TMBRB construction and validation

To generate TMBRB, we built a deep learning model (figure 1B). We used the patient's tumor area as training data to identify patients with High-TMB. In this study, TMBRB was defined as the model’s score for High-TMB output.

Figure 1

Study protocol workflow. (A) The main experiments in this study included: establishment and verification of TMBRB, and exploration of TMBRB value in predicting immunotherapy efficacy. (B) Structural diagram of the deep learning model. (C) The methods we used to evaluate TMBRB. AUC, area under the curve; ROI, region of interest; TMBRB, tumor mutational burden radiomic biomarker.

The deep learning model included two main modules: feature extraction and classification module. The input of the feature extraction module was the tumor region assessed based on the patient’s CT image. Structurally, it was mainly composed of Densenet with a 3D convolution kernel (3D-densenet).33 The module contained a total of four blocks, with dense connections within each block. This network structure could learn deeper information from the CT images, accelerate convergence, and, to a certain extent, avoid over-fitting. The output of this module included 1020 deep learning features.
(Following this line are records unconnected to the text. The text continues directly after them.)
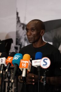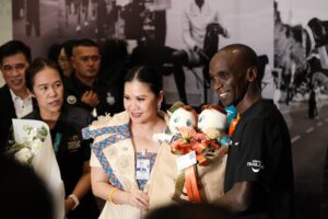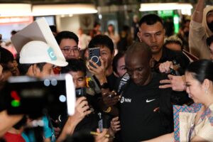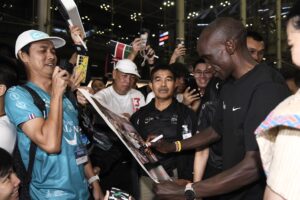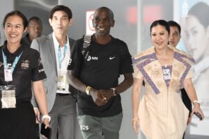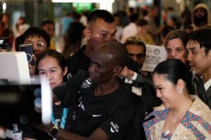 เมื่อวันที่ 27 พ.ย.67 ที่ผ่านมา เอเลียด คิปโชเก ตำนานนักวิ่งมาราธอนโลก เจ้าของสถิติวิ่งมาราธอนได้ต่ำกว่า 2 ชม. แชมป์โอลิมปิกเกมส์ 2 สมัย ชาวเคนยา พร้อมคณะ ได้เดินทางมาถึงประเทศไทย เป็นที่เรียบร้อยแล้ว เพื่อเข้าร่วมการแข่งขันวิ่งมาราธอนส่งเสริมการท่องเที่ยวระดับโลก ครั้งที่ 7 ประจำปี 2567 รายการ “อะเมซิ่ง ไทยแลนด์ มาราธอน แบงค็อก พรีเซ็นต์บาย โตโยต้า ครั้งที่ 7” หรือ “วิ่งผ่าเมือง” ชิงถ้วยพระราชทานพระบาทสมเด็จพระเจ้าอยู่หัว สมเด็จพระนางเจ้าฯ พระบรมราชินี และสมเด็จพระเจ้าลูกเธอ เจ้าฟ้าพัชรกิติยาภาฯ ชิงเงินรางวัลรวม 2,440,500 บาท โดยมี นางสาวฐาปนีย์ เกียรติไพบูลย์ ผู้ว่าการการท่องเที่ยวแห่งประเทศไทย (ททท.) และนายกอบเกียรติ แสงวนิชย์ ผู้อำนวยการจัดการแข่งขัน มาร่วมต้อนรับ พร้อมสื่อมวลชนและแฟนคลับนักวิ่งมาต้อนรับที่ท่าอากาศยานสุวรรณภูมิอย่างคับคั่ง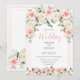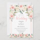Convite de casamento simples, mas doce e lindo, com minúsculas flores rosadas de cor de blush rodeadas por tons pastel de verde botânico para dar a este convite um visual elegante e charmoso. O texto "Casamento" em rosa é muito bonito para este convite. Eu adorei este design e gostei de criá-lo para você. Veja os itens complementares disponíveis em nossa butique. 100% de satisfação do cliente na Zazzle.
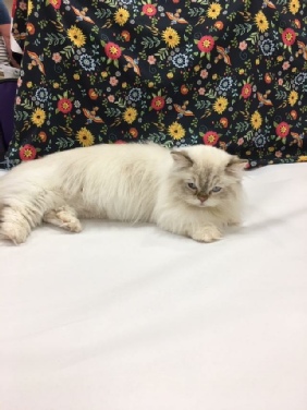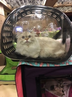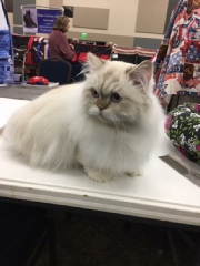 Claude, even being a grump with the judges, finaled once, fifth in special breed. He is an amazingly beautiful cat that should final more if it wasn’t for his poor attitude on the table. Several judges have said that they would have finaled him if he hadn’t been grumbling. He loves traveling but he is not a fan of being judged (who is?). I think his last show will be the Denver show in October (2017) since he is not enjoying the circuit. By then, Katy will be able to show and can keep Ellie company.

For the classification module, we chose the fully connected network as the classifier, composed of an input layer, a hidden layer, and an output layer. The input layer of this module contained all the deep learning features. The hidden layer contained 128 nodes, and the output layer consisted of the patients’ High-TMB and Low-TMB scores. Details of network training configurations and training mode are described in online supplementary appendix 2.

Supplementary data

For comparisons, we used ‘radiomics’ method to build the model (radiomic model), which quantitatively extracts predefined features from CT images. Details about the radiomic model is shown in online supplementary appendix 3. In addition, a clinical model was constructed employing the clinicopathological characteristics that were significantly related to the TMB level. Meanwhile, we also incorporated the comparative analysis of the maximum 3D-diameter and volume of the tumor.

Supplementary data

The receiver operating characteristic curve (ROC) was used to evaluate the model’s ability to distinguish High-TMB from Low-TMB. The area under the curve (AUC), sensitivity, and specificity were calculated to compare performance between cohorts and models. The Delong test was used to compare the ROC between the models. In addition, a decision curve was drawn to quantify the net benefit under different threshold probabilities and evaluate the clinical utility of TMBRB. To further explore the potential of the biomarker, we verified its performance at different TMB cut-off points.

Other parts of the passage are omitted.